Provided data:

- - -

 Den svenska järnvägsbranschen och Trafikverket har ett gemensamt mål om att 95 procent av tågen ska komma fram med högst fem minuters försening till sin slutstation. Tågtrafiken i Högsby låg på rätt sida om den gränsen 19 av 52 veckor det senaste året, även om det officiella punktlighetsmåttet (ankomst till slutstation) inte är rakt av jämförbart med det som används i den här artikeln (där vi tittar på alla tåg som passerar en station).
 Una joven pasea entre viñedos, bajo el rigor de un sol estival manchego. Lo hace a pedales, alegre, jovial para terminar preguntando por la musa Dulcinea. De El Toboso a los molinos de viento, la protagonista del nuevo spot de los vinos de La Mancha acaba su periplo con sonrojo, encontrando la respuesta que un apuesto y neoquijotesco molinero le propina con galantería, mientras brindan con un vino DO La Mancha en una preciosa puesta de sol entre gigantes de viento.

- - -

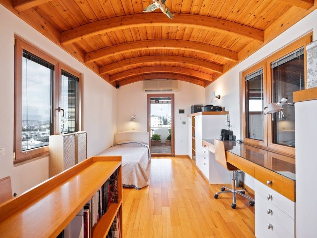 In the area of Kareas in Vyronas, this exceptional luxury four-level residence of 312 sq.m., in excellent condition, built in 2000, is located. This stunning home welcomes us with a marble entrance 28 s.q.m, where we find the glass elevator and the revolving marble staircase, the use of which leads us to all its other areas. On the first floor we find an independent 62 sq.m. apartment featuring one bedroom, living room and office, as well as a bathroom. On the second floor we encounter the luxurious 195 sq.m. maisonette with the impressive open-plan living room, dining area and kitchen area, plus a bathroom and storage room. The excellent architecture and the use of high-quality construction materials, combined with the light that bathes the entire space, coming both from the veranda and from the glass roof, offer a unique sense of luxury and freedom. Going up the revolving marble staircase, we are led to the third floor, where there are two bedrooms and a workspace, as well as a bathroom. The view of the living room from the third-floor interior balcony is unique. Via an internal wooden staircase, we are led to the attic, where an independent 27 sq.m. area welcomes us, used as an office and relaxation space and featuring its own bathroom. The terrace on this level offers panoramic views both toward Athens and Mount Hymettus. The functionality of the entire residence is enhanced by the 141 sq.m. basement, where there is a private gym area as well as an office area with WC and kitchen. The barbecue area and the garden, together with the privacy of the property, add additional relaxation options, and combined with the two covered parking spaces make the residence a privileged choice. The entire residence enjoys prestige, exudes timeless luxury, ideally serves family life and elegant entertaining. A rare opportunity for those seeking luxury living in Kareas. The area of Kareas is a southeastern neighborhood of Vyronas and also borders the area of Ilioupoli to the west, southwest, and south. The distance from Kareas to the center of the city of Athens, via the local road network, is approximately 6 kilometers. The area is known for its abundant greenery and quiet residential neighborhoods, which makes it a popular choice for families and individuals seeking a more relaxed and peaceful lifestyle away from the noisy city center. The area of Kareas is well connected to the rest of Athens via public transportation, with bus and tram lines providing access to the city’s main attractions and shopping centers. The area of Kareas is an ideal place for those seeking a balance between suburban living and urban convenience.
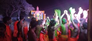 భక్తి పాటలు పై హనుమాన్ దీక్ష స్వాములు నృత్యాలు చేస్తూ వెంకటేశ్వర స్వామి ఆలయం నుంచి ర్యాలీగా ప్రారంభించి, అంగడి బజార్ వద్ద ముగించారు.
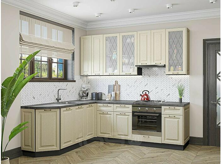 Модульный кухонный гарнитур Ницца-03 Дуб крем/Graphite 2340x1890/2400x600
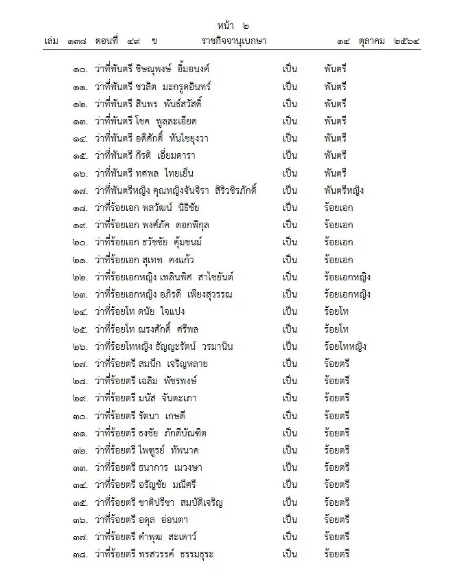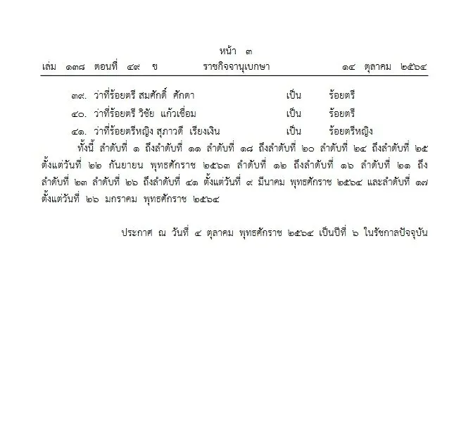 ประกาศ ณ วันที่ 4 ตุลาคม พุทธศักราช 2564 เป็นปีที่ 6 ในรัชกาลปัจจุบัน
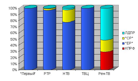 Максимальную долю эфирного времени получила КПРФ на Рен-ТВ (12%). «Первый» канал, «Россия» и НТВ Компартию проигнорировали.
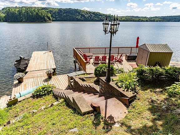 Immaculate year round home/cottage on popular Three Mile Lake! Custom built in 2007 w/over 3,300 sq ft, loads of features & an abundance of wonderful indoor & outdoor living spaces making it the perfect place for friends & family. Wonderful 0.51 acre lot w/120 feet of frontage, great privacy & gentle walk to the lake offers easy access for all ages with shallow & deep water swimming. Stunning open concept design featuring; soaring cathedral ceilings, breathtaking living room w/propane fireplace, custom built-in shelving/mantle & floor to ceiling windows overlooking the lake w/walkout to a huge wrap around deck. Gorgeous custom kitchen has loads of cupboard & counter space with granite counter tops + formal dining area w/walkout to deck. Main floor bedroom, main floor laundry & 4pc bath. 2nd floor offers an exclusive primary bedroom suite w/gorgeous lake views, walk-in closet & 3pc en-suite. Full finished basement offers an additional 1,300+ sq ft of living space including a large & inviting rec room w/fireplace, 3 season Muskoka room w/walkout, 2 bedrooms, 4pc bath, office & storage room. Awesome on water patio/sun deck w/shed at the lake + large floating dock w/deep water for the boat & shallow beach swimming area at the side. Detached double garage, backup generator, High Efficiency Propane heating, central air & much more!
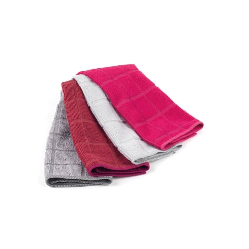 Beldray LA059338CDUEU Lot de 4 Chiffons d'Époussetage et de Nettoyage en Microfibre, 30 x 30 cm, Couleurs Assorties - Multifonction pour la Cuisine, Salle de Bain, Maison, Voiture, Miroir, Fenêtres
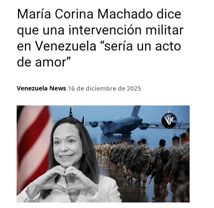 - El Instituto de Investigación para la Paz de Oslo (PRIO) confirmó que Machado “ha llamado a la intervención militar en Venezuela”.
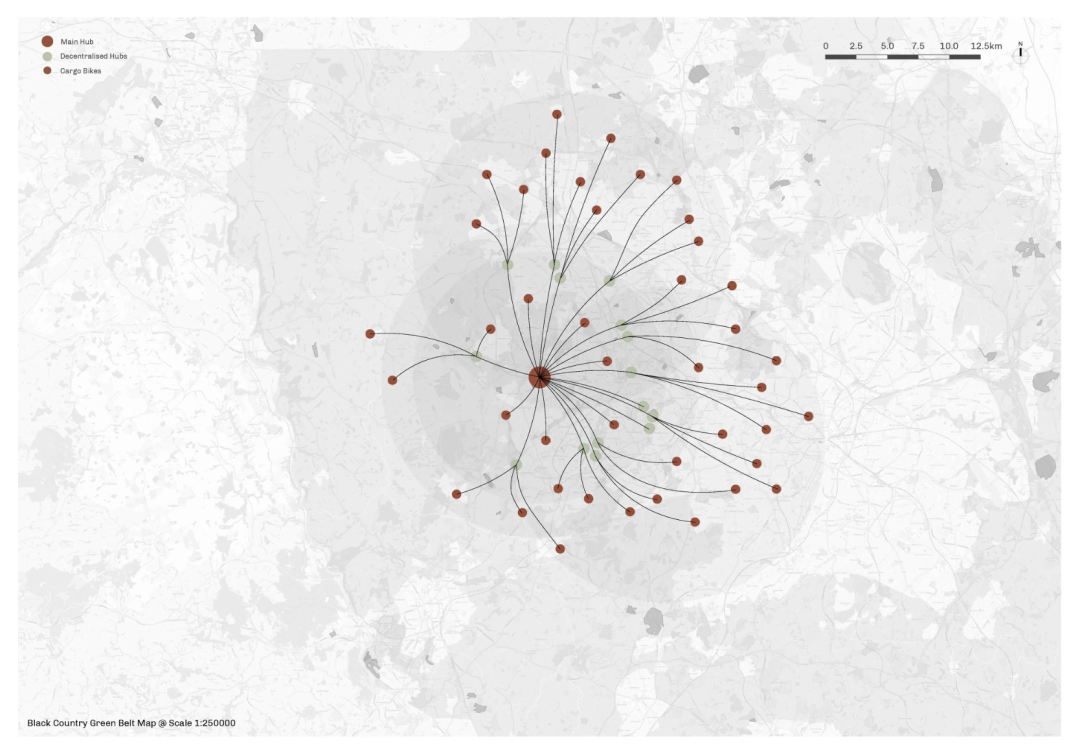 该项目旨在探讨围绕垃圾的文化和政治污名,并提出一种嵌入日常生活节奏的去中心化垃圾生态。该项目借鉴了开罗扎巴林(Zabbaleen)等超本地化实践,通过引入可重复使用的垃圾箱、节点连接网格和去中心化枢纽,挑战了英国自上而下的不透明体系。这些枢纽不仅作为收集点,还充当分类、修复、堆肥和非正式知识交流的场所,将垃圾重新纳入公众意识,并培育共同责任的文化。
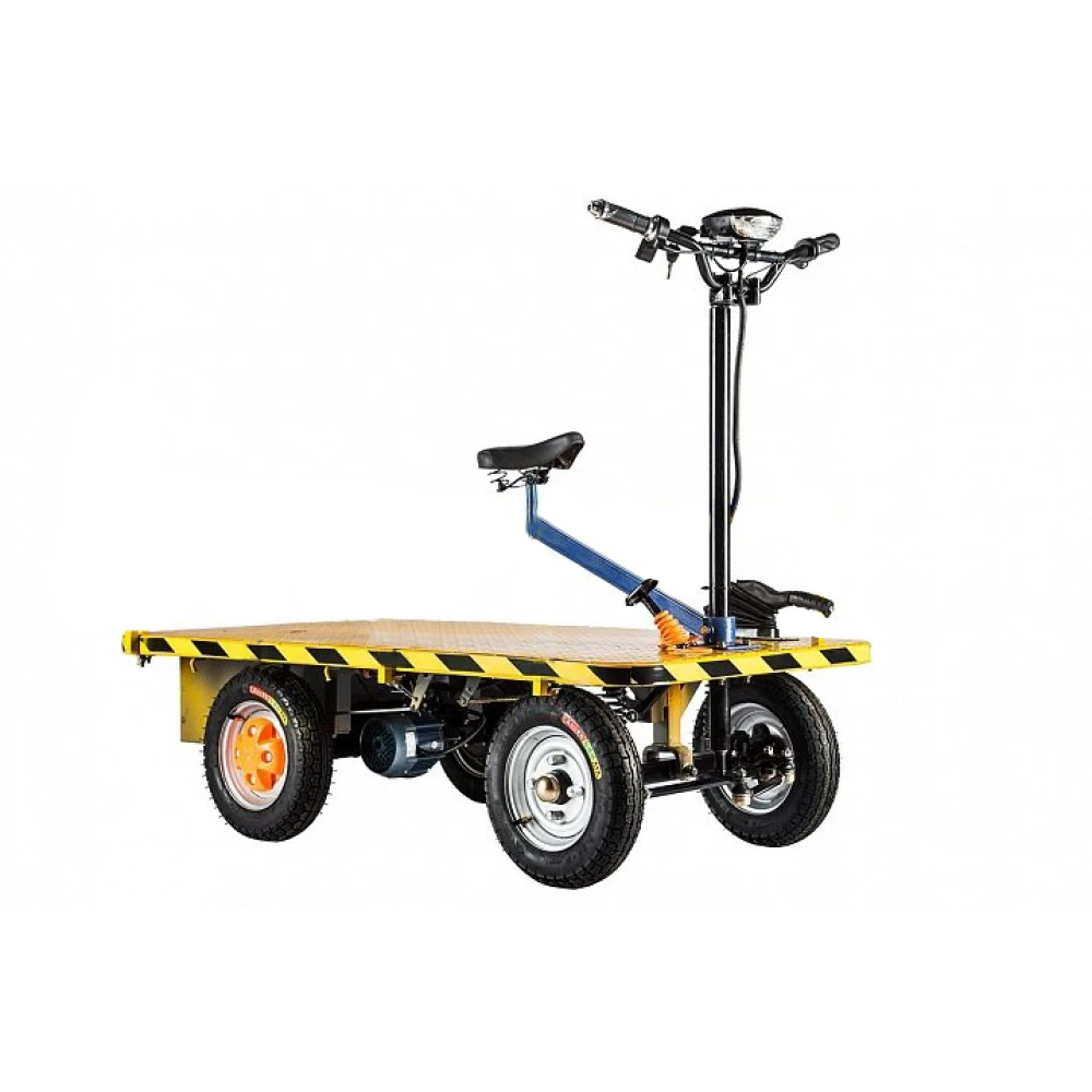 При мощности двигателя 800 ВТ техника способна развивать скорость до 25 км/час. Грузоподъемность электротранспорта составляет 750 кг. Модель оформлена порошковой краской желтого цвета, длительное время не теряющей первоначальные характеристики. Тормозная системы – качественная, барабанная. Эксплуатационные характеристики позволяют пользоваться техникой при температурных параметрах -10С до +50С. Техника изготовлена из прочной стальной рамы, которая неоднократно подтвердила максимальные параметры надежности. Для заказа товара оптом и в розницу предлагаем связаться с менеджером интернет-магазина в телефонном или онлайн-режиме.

- - -

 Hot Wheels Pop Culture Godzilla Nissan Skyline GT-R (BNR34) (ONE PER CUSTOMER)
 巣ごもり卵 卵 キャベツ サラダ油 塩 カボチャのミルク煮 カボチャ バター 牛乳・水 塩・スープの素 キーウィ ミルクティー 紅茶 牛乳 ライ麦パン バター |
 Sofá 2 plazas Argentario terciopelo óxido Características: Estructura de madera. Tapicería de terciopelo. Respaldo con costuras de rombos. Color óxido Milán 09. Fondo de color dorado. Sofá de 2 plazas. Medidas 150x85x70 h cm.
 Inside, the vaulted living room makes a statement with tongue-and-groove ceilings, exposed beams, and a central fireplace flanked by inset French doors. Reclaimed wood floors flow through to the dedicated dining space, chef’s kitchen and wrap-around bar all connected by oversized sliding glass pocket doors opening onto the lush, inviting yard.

- - -

Look above for the line containing "Den svenska järnvägsbranschen". Output from there through the line containing "Una joven pasea", exactly and inclusively.

 Den svenska järnvägsbranschen och Trafikverket har ett gemensamt mål om att 95 procent av tågen ska komma fram med högst fem minuters försening till sin slutstation. Tågtrafiken i Högsby låg på rätt sida om den gränsen 19 av 52 veckor det senaste året, även om det officiella punktlighetsmåttet (ankomst till slutstation) inte är rakt av jämförbart med det som används i den här artikeln (där vi tittar på alla tåg som passerar en station).
 Una joven pasea entre viñedos, bajo el rigor de un sol estival manchego. Lo hace a pedales, alegre, jovial para terminar preguntando por la musa Dulcinea. De El Toboso a los molinos de viento, la protagonista del nuevo spot de los vinos de La Mancha acaba su periplo con sonrojo, encontrando la respuesta que un apuesto y neoquijotesco molinero le propina con galantería, mientras brindan con un vino DO La Mancha en una preciosa puesta de sol entre gigantes de viento.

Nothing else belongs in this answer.